We assigned incidents of firearm violence and police-reported crimes to zip codes and summed counts from March through July in each year (2018, 2019, 2020). We excluded incidents that did not correspond to Zip Code Tabulation Areas (ZCTA; see “Exposures” section) in our cities, did not contain valid geographic information, or were in ZCTAs with no population. We excluded cities from analyses that were missing crime data or had fewer than 5 incidents annually for that outcome citywide: San Francisco and Seattle for homicide; Boston, Dallas, Denver, Detroit, Milwaukee, and Seattle for rape.

Exposures

We used the ICE to measure racial and economic spatial segregation. The ICE quantifies the extent to which individuals in a neighborhood (here, zip code) are concentrated in the extremes of the distribution of socioeconomic characteristics (here, race and income). Unlike other commonly used measures, the ICE is meaningful at the neighborhood level and provides information on the direction, not just magnitude, of spatial concentration.14 For example, the Dissimilarity Index compares a larger geographic unit (e.g., city) to smaller geographic units (e.g., zip codes), returning a single metric of segregation for the larger unit as a whole.

We used the formula ICEi = (Ai Pi)/Ti, where Ai, Pi, and Ti reflect the number of people in neighborhood i belonging to the most privileged group, the least privileged group, and the total population, respectively. The ICE thus ranges from −1 (all residents belong to the least privileged group) to +1 (all residents belong to the most privileged group). The ICE has been previously used in research on zip code–level health disparities.15

Similar to previous work,14 we computed 3 versions of the ICE: (1) income, comparing households with incomes of $100 000 or greater (most privileged) to households with incomes of $24 999 or less (least privileged); (2) race, comparing White people of all ethnicities (most privileged) to Black people of all ethnicities (least privileged), with race reflecting socially constructed hierarchies and risk for exposure to racism;16 and (3) race–income, comparing White households with incomes of $100 000 or greater (most privileged) to Black households with incomes of $24 999 or less (least privileged). The race–income measure avoids collinearity problems that arise from including separate measures for each in 1 model.14 We adapted code from the Public Health Disparities Geocoding Project17 to obtain these data and population data from the American Community Survey (2015–2019 estimates) for ZCTAs, which are stable geographic units defined by the US Census Bureau designed to reflect US Postal Service zip code boundaries.

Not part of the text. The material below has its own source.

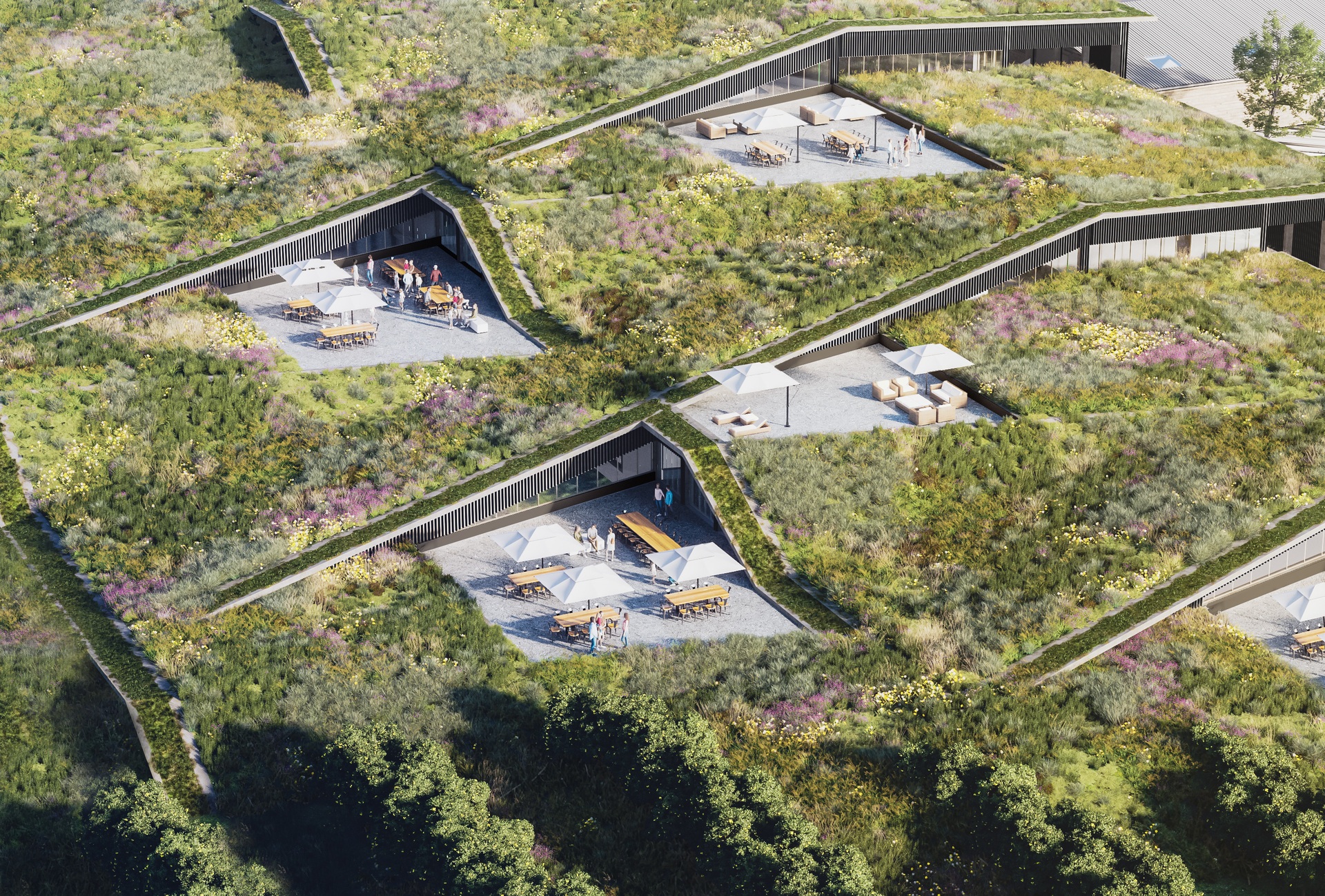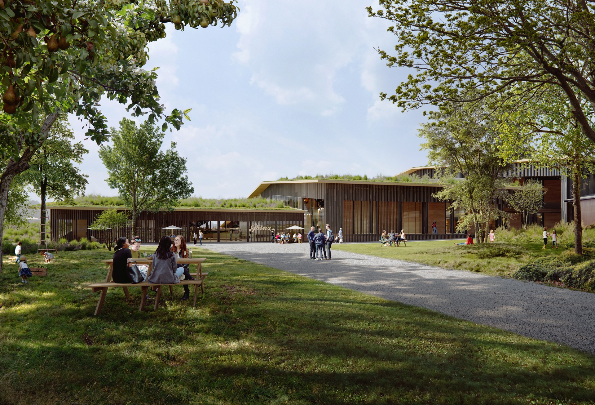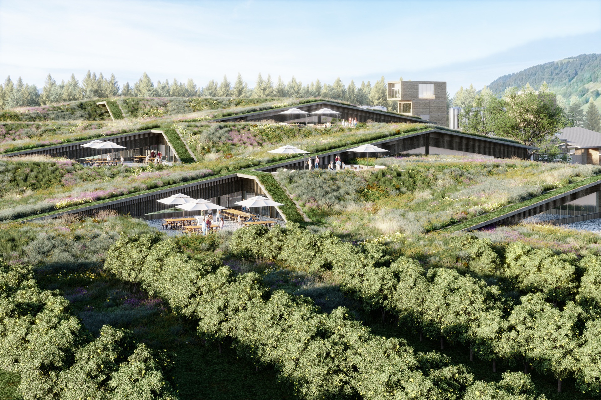 Die modulare Bauweise ermöglicht, dass in der zweiten Phase Produktionshallen und Tanklager nahtlos an das bestehende Objekt angegliedert werden können. Ebenerdig flacht die Erweiterung ab und imitiert einen sanften Hügel. Fließend gehen die Räumlichkeiten ineinander über und ermöglichen, dass Besucher*innen die Produktionsprozesse, vom Pressen der Früchte bis hin zum Abfüllen, hautnah erleben. Die organische Formensprache und die großflächigen Begrünungen assoziieren Natürlichkeit, Nachhaltigkeit und Langlebigkeit.

ZCTAs (and zip codes) do not nest neatly in cities; based on visual inspection of the geographic overlap, we excluded a ZCTA if more than 75% of its land area was outside the city. Although our outcome data sources included incidents that occurred slightly outside the city bounds, we made this restriction to minimize potential bias from unobserved missing data (i.e., inconsistent measurement of crimes outside the city, which may be correlated with neighborhood characteristics).

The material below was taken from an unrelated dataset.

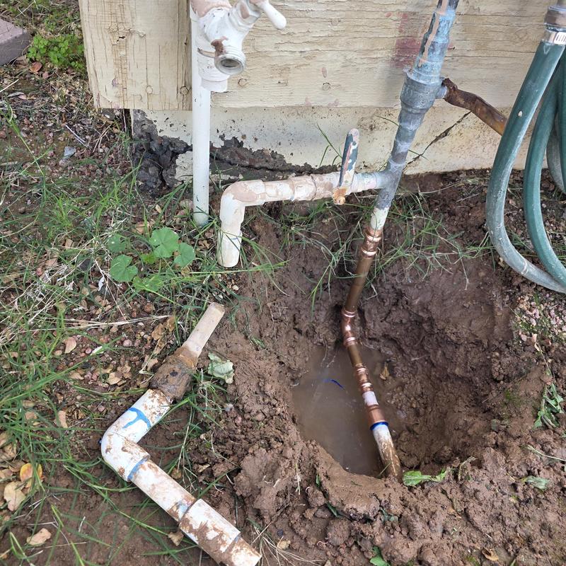 A plumber completed an emergency repair on a main water line in Mesa, Arizona. The work addressed an urgent plumbing issue to restore water service quickly and safely for the property.
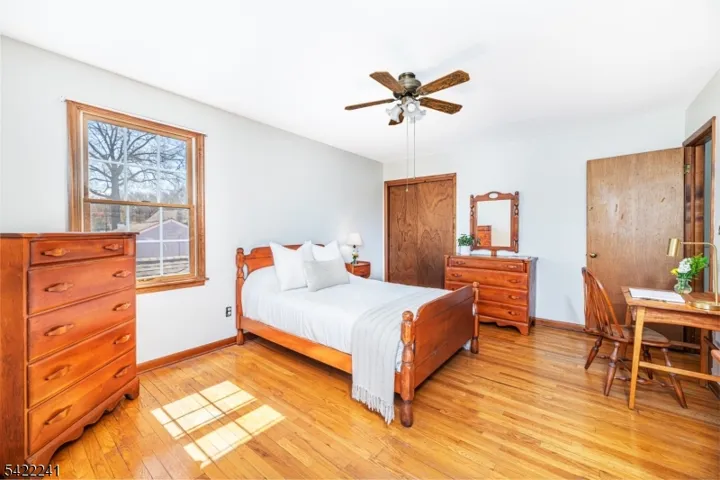A unique opportunity awaits! Offered for the first time in over 50 years, this lovingly cared-for expanded cape is filled with warmth, character, and pride of ownership. Located near the county park, NJ Transit, shopping, dining & major highways, it offers both comfort & convenience. This home is made for gathering, with plenty of space to relax & entertain. The main level features an updated kitchen & full bath, a bright living room, a formal dining room w/French doors to patio, a cozy den (potential 5th bedroom), an additional bedroom or office, an attached garage w/auto opener, and a first-floor primary bedroom that offers a peaceful retreat with access to a beautiful enclosed porch with sliders leading to a paver patio & fully fenced backyard. Upstairs, are 2 generously sized bedrooms (one has 2 closets) with beautiful hardwood floors, a full bath & attic storage. A very special home that has been cherished for decades, ready to welcome its next owners to create lasting memories.

We binned ICE estimates into quintiles, as done previously,14,15 for each city separately to avoid extrapolating beyond the data (i.e., ensuring all cities included zip codes in all quintiles) and because our interest is within-city variation. City-specific cutoffs are shown in Tables B through D (available as a supplement to the online version of this article at http://www.ajph.org).

Analysis

First, we described the total number of incidents per outcome (i.e., homicide, rape, robbery, aggravated assault, and firearm violence) from March through July in each year, along with the rate per population.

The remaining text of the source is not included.